Arvind Krishna on May 21, 2026 announced that IBM and the U.S. Department of Commerce had signed a Letter of Intent to establish Anderon, which the companies described as America’s first pure‑play quantum chip foundry.
The deal backs Anderon with a proposed $1 billion in CHIPS incentives from the Commerce Department and $1 billion in cash from IBM, and places the new company in Albany, New York as a standalone 300mm quantum wafer fabrication facility focused initially on superconducting qubit and supporting electronics wafers.

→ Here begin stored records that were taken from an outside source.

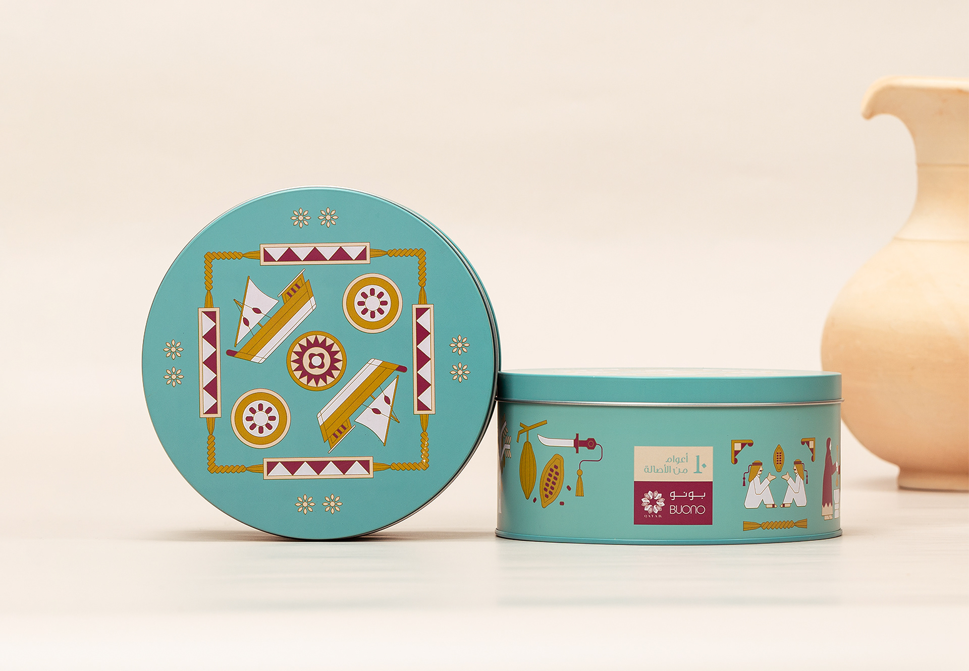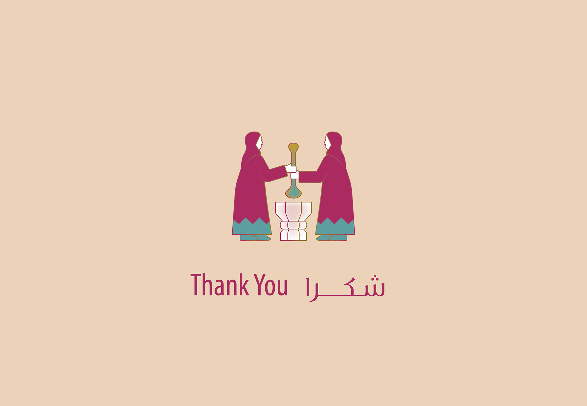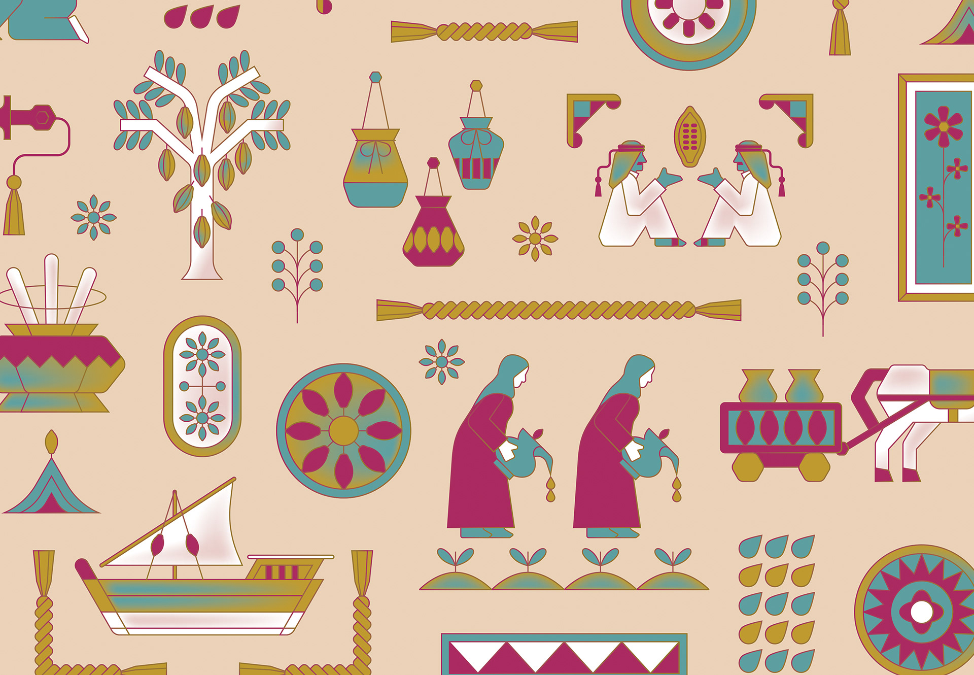 From planting chocolate seeds all the way to the end result of chocolate. I wanted the illustration to express snippets of the process such as stirring the mixture, watering, adding milk and sugar and all the way to packing. The Qatari flavor comes in with the attire, the subtle patterns and cultural objects.
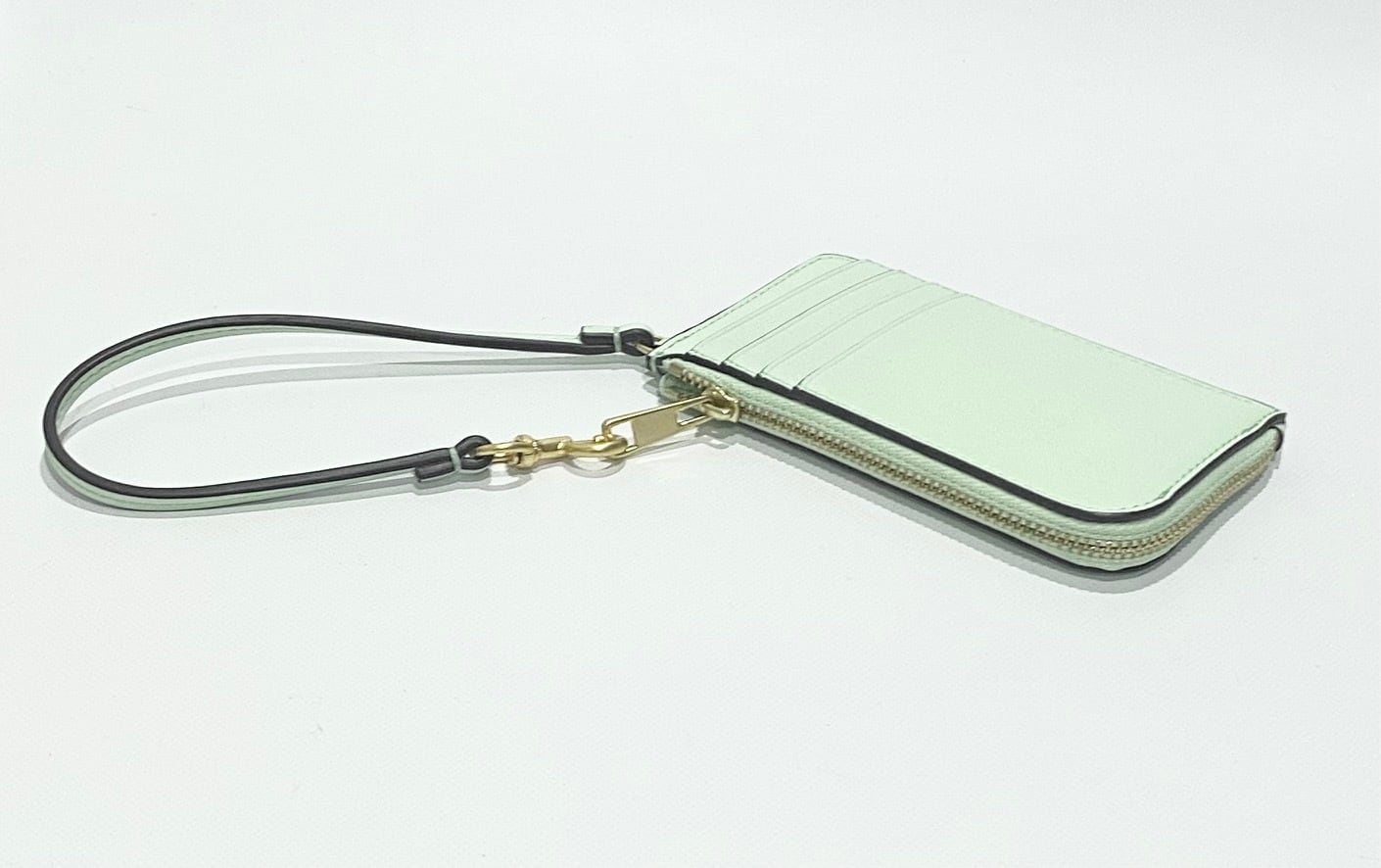 素材:バイオテックスレザー 色 :MEADOW MIST / メドウミスト(ライトグリーン) サイズ:約7.5×12.8×1㎝ 開閉:ファスナー式 内側:- 外側:カードポケット×4、ファスナー式小銭入れ×1 付属品:-
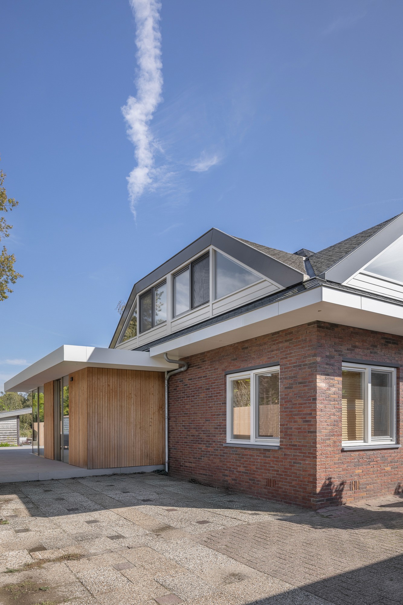 De gevel van de aanbouw bestaat uit verticale, thermisch gemodificeerde houten delen die strak zijn ingeklemd tussen vloer en plafond. Deze houten accenten keren terug in het bestaande deel van de woning en vormen onder andere de nieuwe voordeur en garagedeur waardoor oud en nieuw harmonieus één geheel vormen.
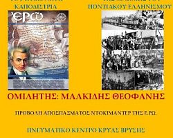 Ομιλία με θέμα «Από τη δολοφονία του κυβερνήτη Καποδίστρια στη Γενοκτονία της Μνήμης του Ποντιακού Ελληνισμού», με ομιλητή τον κ. […]
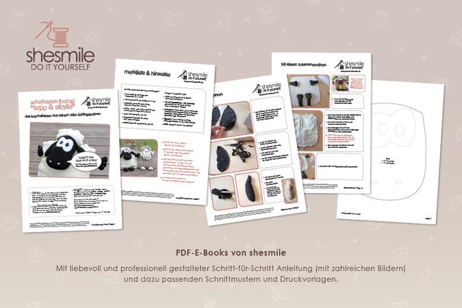 PDF-E-Books von shesmile: Diese leicht verständliche Schritt-für-Schritt-Anleitung mit vielen Fotos ist auch für Nähanfänger geeignet, denn die sehr ausführliche Fotoanleitungen begleitet dich bei jedem Schritt.
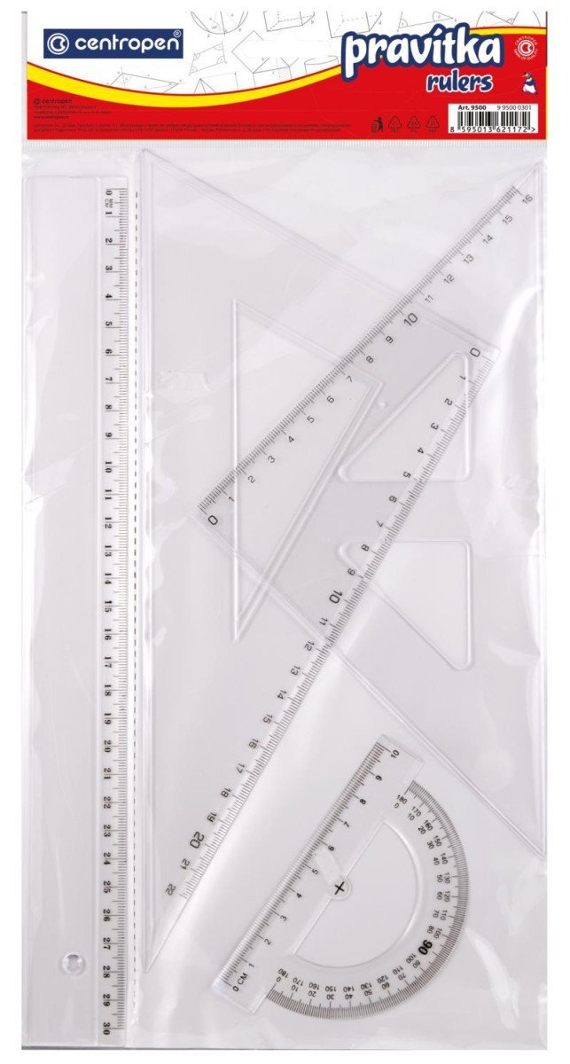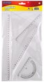 Ten praktyczny zestaw zawiera wszystko, co niezbędne do precyzyjnej pracy z liniami i kątami. W skład wchodzą dwa wysokiej jakości trójkąty - jeden z podziałką 45°/177 mm oraz drugi z podziałką 60°/250 mm, uniwersalny kątomierz 180°/100 mm z podziałką ułatwiającą odczyt kątów oraz linijka o długości 30 cm. Wszystko wykonane jest z przezroczystego plastiku, co ułatwia dokładne ustawienie i pracę nad szczegółowymi szkicami bez przeszkód.

The size of the wider package underlined why the announcement mattered: the Commerce Department said the quantum program totals $2 billion spread across nine companies. GlobalFoundries is set to receive $375 million; D‑Wave Quantum, Rigetti Computing, Infleqtion, Atom Computing, PsiQuantum, and Quantinuum are each set to receive $100 million; and Diraq is set to receive $38 million.
Krishna underlined IBM’s role in the push. "IBM has pioneered quantum computing for decades," he said, and added that, "Our work in silicon wafer fabrication has been a key to IBM’s success and will be critical to enable a broader quantum technology landscape that will reshape global innovation and economic competitiveness." He told reporters the new business could generate billions of dollars a year in sales with high profit margins by the mid‑2030s.
Commerce Secretary Howard Lutnick framed the move as industrial policy. "strategic quantum technology investments will build on our domestic industry, creating thousands of high‑paying American jobs while advancing American quantum capabilities," he said, pointing to the job and manufacturing angles of a domestic foundry network.
Context: Anderon is being pitched as a 300mm superconducting quantum foundry built around IBM’s manufacturing capabilities. The Commerce Department’s package covers companies working across trapped ion, photonic, neutral atom and superconducting approaches, and the government will take minority equity stakes in each of the nine companies — a deal structure the department has applied before to Intel, Vulcan Elements and MP Materials.
The announcement resolves one immediate question — where a large, U.S.‑based quantum foundry might land — but raises others that will matter to markets and to companies building hardware. The facility will initially support superconducting qubits and related electronics, and officials said Anderon plans to expand into other quantum modalities. That staged approach opens a timing gap between public investment and the broader commercial availability of wafers for non‑superconducting technologies.
There is a friction point between public ownership and private capital. By taking minority equity stakes, the government binds its own return and policy goals to the success of these startups. That reduces some risk for private developers but alters corporate governance and exit dynamics. The Commerce Department has used this model in recent industrial initiatives; whether it speeds adoption or complicates follow‑on financing will be a central test for the program.
Investors will watch the mechanics closely. Public and private financiers will want to know how the Commerce incentives will flow, what access non‑IBM firms will have to a 300mm foundry built around IBM processes, and whether the government stakes limit or accelerate outside investment. Traders tracking qbts stock and other publicly traded quantum plays will read those details as signals about the state's appetite for long‑term ownership and the likely pace of commercialization.
This is, plainly, a government‑backed bet that domestic fabrication matters. If Anderon can scale a 300mm process beyond superconducting devices and if companies can translate prototype devices into high‑margin products, Krishna’s mid‑2030s revenue forecast becomes plausible. If the foundry remains narrowly focused or political constraints limit partners’ access, the broader quantum ecosystem could face a slower, more fragmented rollout. The single actionable question left by May 21 is whether the structure that pairs CHIPS money with minority equity will accelerate a working supply chain or simply redistribute early commercial control — and the answer will shape who benefits from the next decade of quantum hardware development.